RECORDS FOR THE TASK:
####################

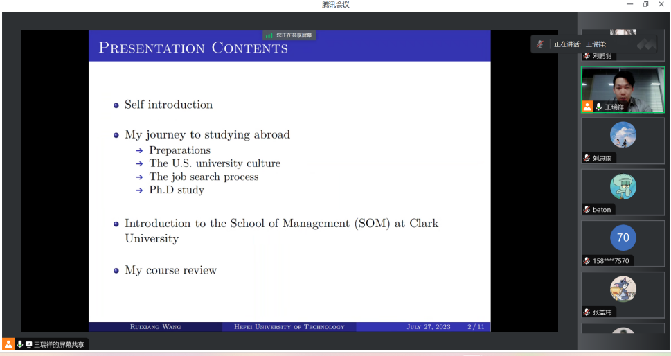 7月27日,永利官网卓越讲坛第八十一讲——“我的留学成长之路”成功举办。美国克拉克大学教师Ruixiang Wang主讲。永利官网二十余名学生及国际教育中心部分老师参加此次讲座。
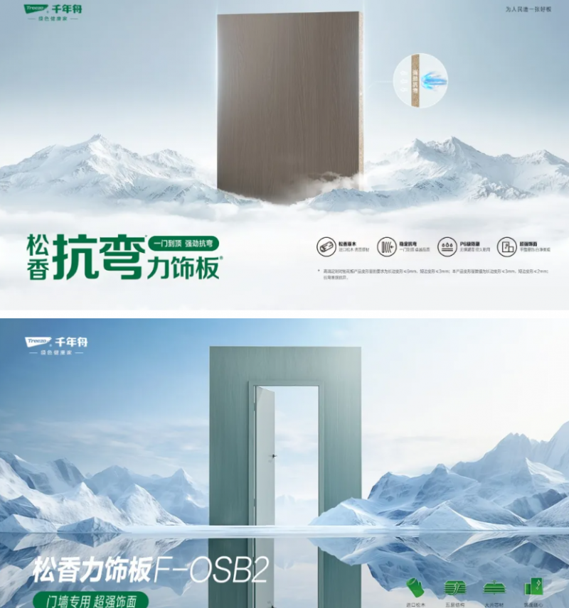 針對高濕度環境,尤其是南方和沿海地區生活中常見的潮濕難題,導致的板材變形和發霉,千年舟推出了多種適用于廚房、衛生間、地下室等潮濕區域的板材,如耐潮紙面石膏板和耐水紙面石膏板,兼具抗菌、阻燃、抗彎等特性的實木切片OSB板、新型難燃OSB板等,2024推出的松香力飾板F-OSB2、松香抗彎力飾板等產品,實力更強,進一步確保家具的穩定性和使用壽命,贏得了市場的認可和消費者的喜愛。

####################

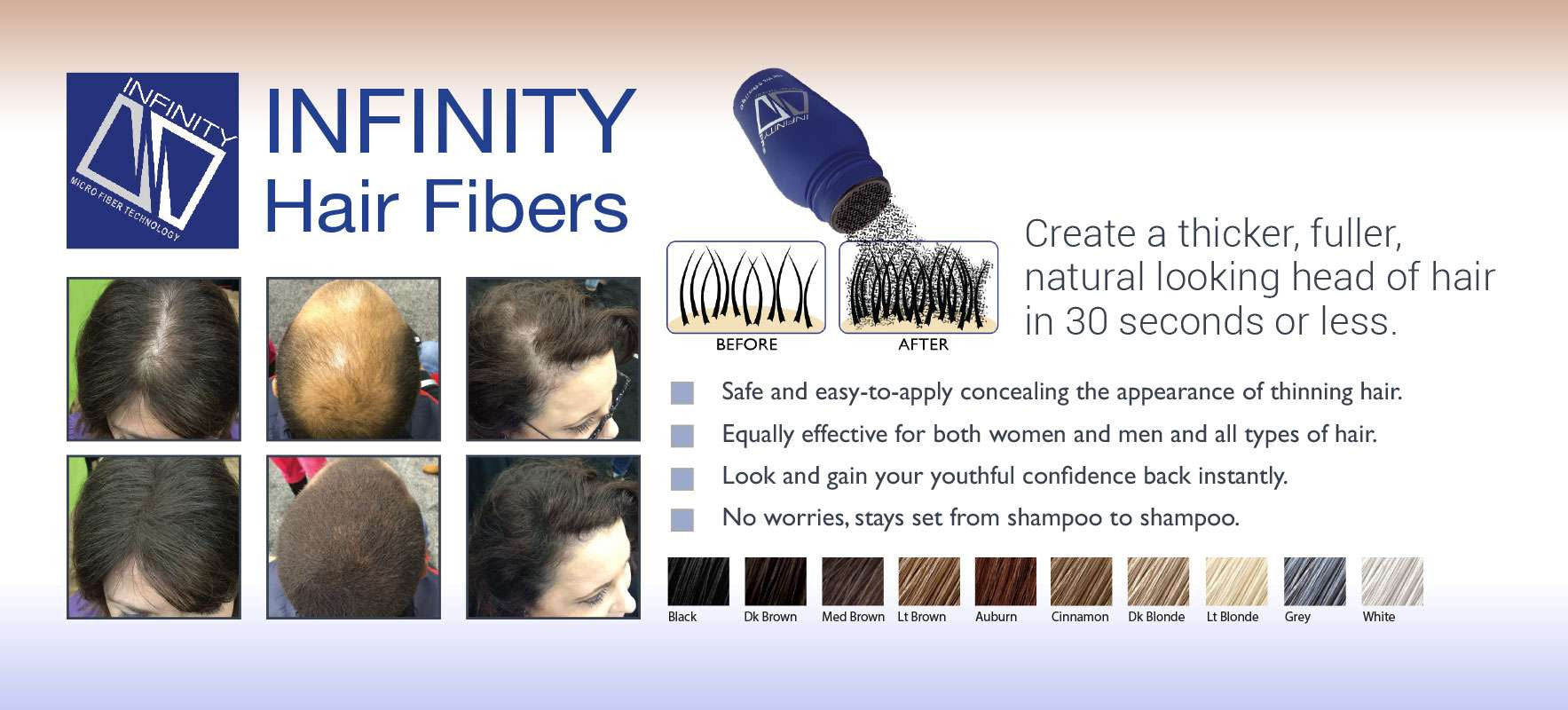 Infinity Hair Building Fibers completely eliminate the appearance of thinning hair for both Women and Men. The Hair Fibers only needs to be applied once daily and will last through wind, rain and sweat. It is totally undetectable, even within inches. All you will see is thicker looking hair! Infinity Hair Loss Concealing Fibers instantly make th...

####################

TASK DIRECTIONS: A verbatim reproduction is expected: starting at the line above that has "7月27日,永利官网卓越讲坛", ending at the line that has "針對高濕度環境,尤其是南方和", both included, and with no pictures and no other lines.

RESULT OF THE TASK:
 7月27日,永利官网卓越讲坛第八十一讲——“我的留学成长之路”成功举办。美国克拉克大学教师Ruixiang Wang主讲。永利官网二十余名学生及国际教育中心部分老师参加此次讲座。
 針對高濕度環境,尤其是南方和沿海地區生活中常見的潮濕難題,導致的板材變形和發霉,千年舟推出了多種適用于廚房、衛生間、地下室等潮濕區域的板材,如耐潮紙面石膏板和耐水紙面石膏板,兼具抗菌、阻燃、抗彎等特性的實木切片OSB板、新型難燃OSB板等,2024推出的松香力飾板F-OSB2、松香抗彎力飾板等產品,實力更強,進一步確保家具的穩定性和使用壽命,贏得了市場的認可和消費者的喜愛。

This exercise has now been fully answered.